İnsanlar neredeyse çırılçıplak durumdaki derileriyle, primatlar arasında benzersizdir.
Sülalemizin tüm diğer üyeleri, çoğu başka memeli türünde olduğu gibi kalın bir kürke sahiptir. Biz insanların da kafasında ve birkaç başka yerinde daha kıl olduğu doğru. Ama yine de akrabalarımıza kıyasla en kıllı insan bile kel sayılabilir.

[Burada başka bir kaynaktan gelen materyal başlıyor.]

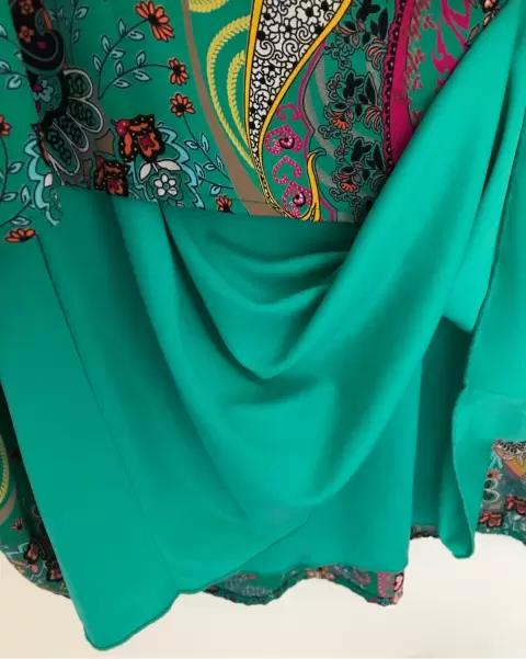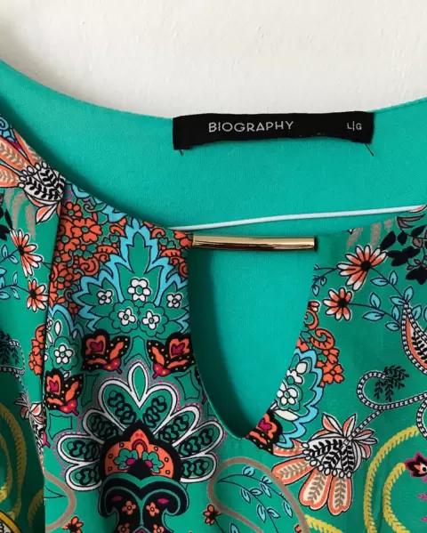 Hermoso vestido, para usar casual o formal, estampado súper lindo y con detalle en cuello, llega arriba de la rodilla, es súper cómodo ya que no queda ajustado, trae forro, sin detalles de uso, en perfecto estado 👌🏻

Peki nasıl bu kadar kılsızlaşabildik? Bilimciler yüzyıllar boyunca bu soruya kafa yordu. Yanıt bulmak ise kolay değildi. İnsan evrimindeki en önemli geçişler (örneğin dik yürüyüşün ortaya çıkışı gibi), atalarımızın fosillerinde doğrudan kayıt altına alınmış durumdaydı. Fakat kalıntıların hiçbirinde insan derisine ilişkin kesin izler korunamamıştı.
Neyse ki son yıllarda araştırmacılar, kıllarımızı yitirmemize ilişkin birtakım dolaylı ipuçlarının fosil kayıtlarında mevcut olduğunun farkına vardı. Bu ipuçlarının ve geçtiğimiz on yılda genomik ile fizyoloji sayesinde kazanılan anlayışın ışığında, antropolog Nina G. Jablonski ve çalışma arkadaşları insanların ne zaman ve neden kürklerinden kurtulduklarını ikna edici biçimde açıklamayı başardı. Görünüşümüzün garipliklerinden birini açıklamasının yanı sıra, bu senaryoya göre kılsız derinin kendisi de diğer karakteristik insan özelliklerinin evriminde rol oynamış. Buna beyin büyüklüğümüz ve konuşma diline bağımlılığımız da dahil.
Kıllandırıcı Durumlar
Atalarımızın vücut kıllarını neden yitirdiklerini anlamak için öncelikle diğer türlerin neden kürklerinin olduğunu düşünmemiz gerek. Kıllar, memelilere özgü bir vücut örtüsüdür. Bu canlı grubunun tanımlayıcı özelliklerinden birinin kürk olduğuna kuşku yoktur: Neredeyse tüm memeliler hiç değilse bir miktar kıla sahiptir; çoğunun da yoğun bir kürkü olur. Kıllar sıyrılmaya, ıslanmaya, güneşin zararlı ışınlarına ve potansiyeler tehlikeleri olan parazit ya da mikroplara karşı yalıtım ve koruma sağlar. Ayrıca yırtıcıların kafasını karıştıracak bir kamuflaj görevi görür. Ayırt edici desenleri sayesinde de aynı türün üyelerinin birbirlerini tanımalarını kolaylaştırır. Dahası, memeliler kürklerini saldırganlık ya da huzursuzluk ifade etmek için de kullanırlar: Örneğin bir köpek boyun kıllarını kabarttığında, karşısındakine açık bir “uzak dur” sinyali vermiş olur.